Thank GOD that, as a Case Manager, I’m not providing direct patient care. However, I *am* doing a lot of talking to patients on the phone from our office (just down the hall, BTW) about what kind of healthcare needs (medical equipment, home care, physical rehab, etc) they might require on discharge. And then we’re counseling families from their homes (no visitors allowed) about the next steps when the patient is close to being discharged from the hospital (unless, of course, they’re “celestially” discharged 😢).
Which is the next big issue for me. We have NOWHERE to send these COVID+ patients that require rehab (no nursing facilities are accepting). And we’re also dealing with Assisted Living facilities or Group Homes that are refusing to take their residents back.
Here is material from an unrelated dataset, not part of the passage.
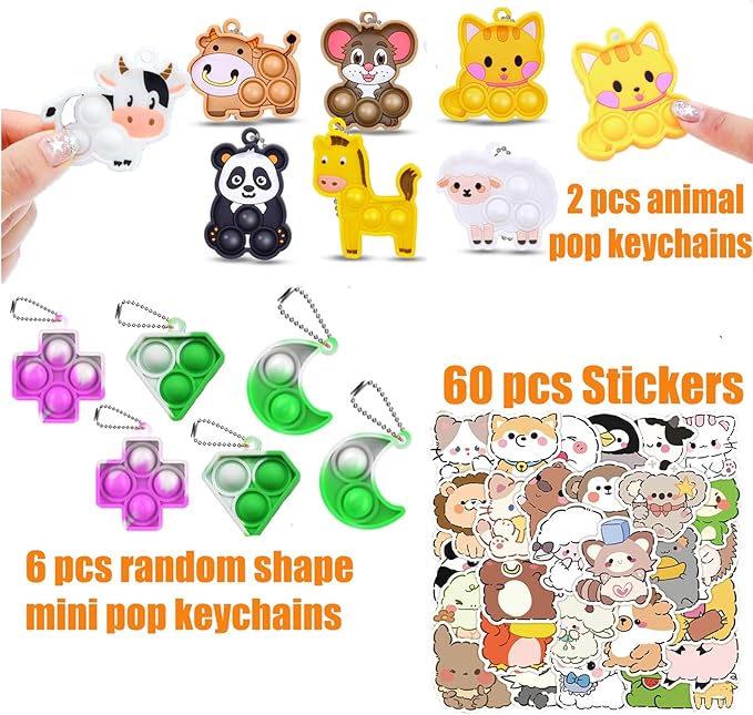 - 【124Pcs Party Favors Set】 The 124 pieces kids' party favor sets contains a rich variety of small toys that allow children to interact and play at parties, including: 2 animal pop keychains, 3 cute pop keychains, 3 pop bracelets, 6 mini pop keychains, 4 mini animal keychain, 60 Stickers, 10 slap bracelets, 6 mochi squishies, 6 sticky hands, 6 animal Pull Back Cars, 6 Tumbler, 6 Pull Back Planes, 6 mini skateboard.

Yesterday, I had a Group Home manager tell me he couldn’t take his resident back because they hadn’t received their order of PPE that they *just* ordered LAST WEEK 😡 But the best part? He stated that he’d take him back if the hospital sent him home with TWO WEEKS of PPE for his home.

Today, we had a nursing facility “accept” a COVID-19 patient, but requested we send the patient with ten masks.

Seriously. All this … when direct care workers have to *literally* sign their lives away on a daily basis to get ONE N95 mask. The same ONE that they have to reuse for the entire day, placing it in paper bags throughout the shift when “not in use.”

And now, tonight … A national spotlight on The Rachel Maddow Show about how our 3K+-Hospital bed health system is reaching capacity and “transferring patients” amongst our hospitals. Which basically means they’re sending these patients to none other than the hospital that I work in … The Mother Ship. The First and Largest of the hospitals.

At the end of the day – like all my coworkers – I am exhausted mentally, physically, and emotionally. And yet, we healthcare workers get up the next morning and do it again.

Thank you all for your thoughts, prayers, and positive vibes. I totally appreciate them.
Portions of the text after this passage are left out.